In the scenario of two planes leaving an airport, the paths they travel form a right triangle. A right triangle is a triangle with one angle measuring 90 degrees. This shape allows us to use the Pythagorean theorem, which is a crucial tool in solving problems involving right triangles. The theorem states that in a right triangle, the square of the hypotenuse is equal to the sum of the squares of the two other sides.

For the exercise, the two planes fly in perpendicular directions, due east and due south. This setup creates a right triangle with:

• The eastbound plane’s path as one leg.
• The southbound plane’s path as another leg.
• The straight-line distance between them as the hypotenuse.

Thus, by applying the Pythagorean theorem, we can connect these distances and arrival times. It helps us find the unknown side, which in this case, are the speeds of the planes.

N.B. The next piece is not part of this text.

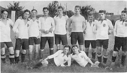 The football (soccer) team of the VfB Stuttgart in 1912.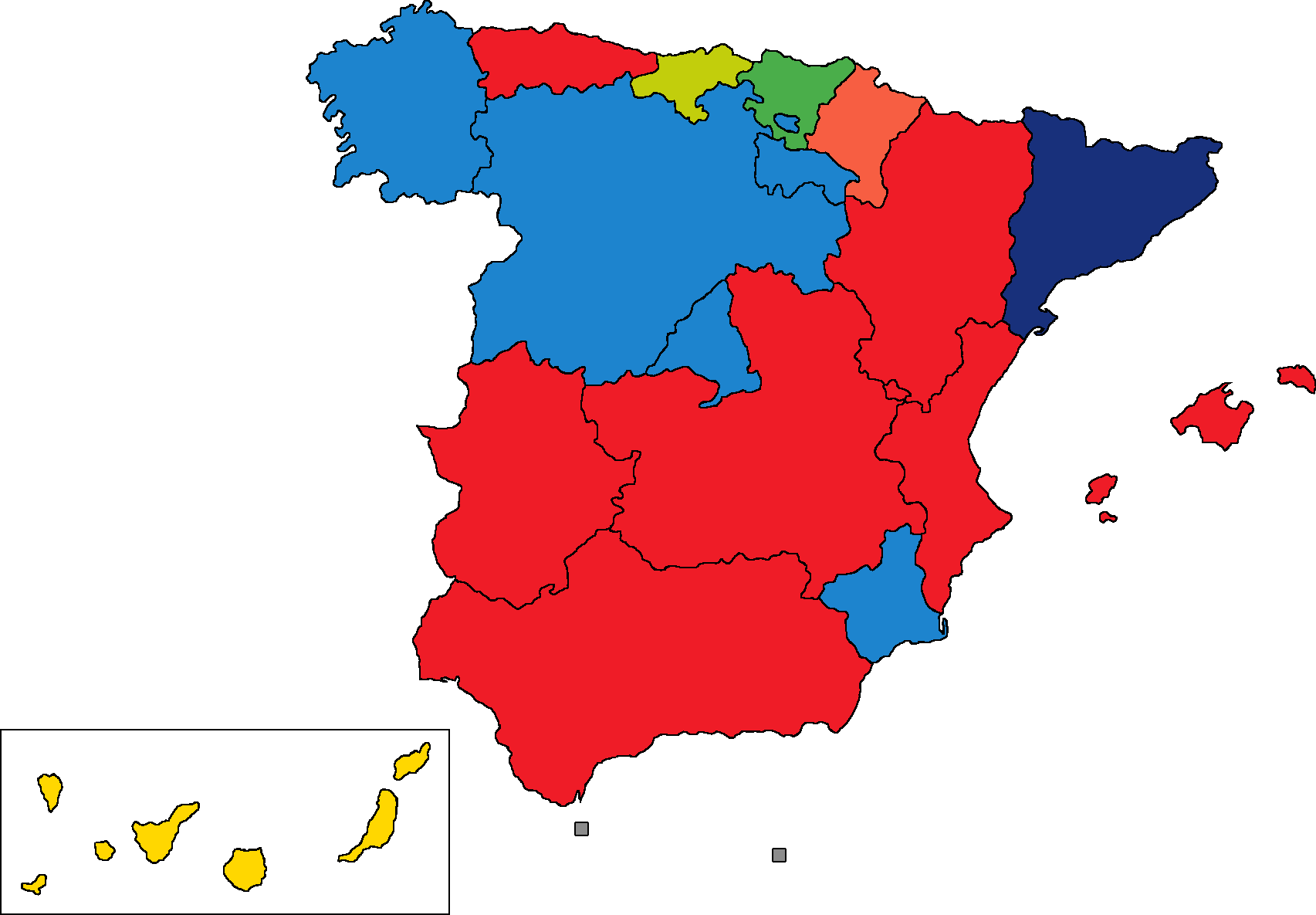 Regional administrations in Spain after the 24 May 2015 regional elections. PSOE PP CiU EAJ/PNV CC GBai PRC

Quadratic equations are algebraic expressions of the form \(ax^2 + bx + c = 0\), where \(a\), \(b\), and \(c\) are constants. This kind of equation often appears in problems involving areas, projectile motion, and in this case, the paths of two airplanes.

In solving this problem, simplifying the attributes of the right triangle led to a quadratic equation. Initially, by expressing the planar distances in terms of time and speed, a quadratic form emerged: \(18x^2 + 900x - 2440^2 = 0\). The task was to find \(x\), which represents the unknown speed of the southbound plane.

• You can solve quadratic equations using various methods, with the quadratic formula being common: \(x = \frac{-b \pm \sqrt{b^2 - 4ac}}{2a}\).
• Choosing the positive solution is essential since speed can't be negative.

This step is vital because accurate calculation leads us to understand the dynamics between the planes’ speeds.

The relations between distance, speed, and time form the basis for solving many practical problems, like this one involving two planes. The fundamental formula connecting these three variables is:

• Distance = Speed × Time

This equation is extraordinarily helpful.
For instance, when calculating how far each plane travels in the given time (3 hours), we use:

• For the southbound plane: Distance = \(3x\)
• For the eastbound plane: Distance = \(3(x + 50)\)

The problem used these distance expressions to set up a relationship as part of the right triangle. Understanding how these elements work together is key in deducing one variable when you have the other two. This foundational link shows us how these speeds interact over time to create the distances featured.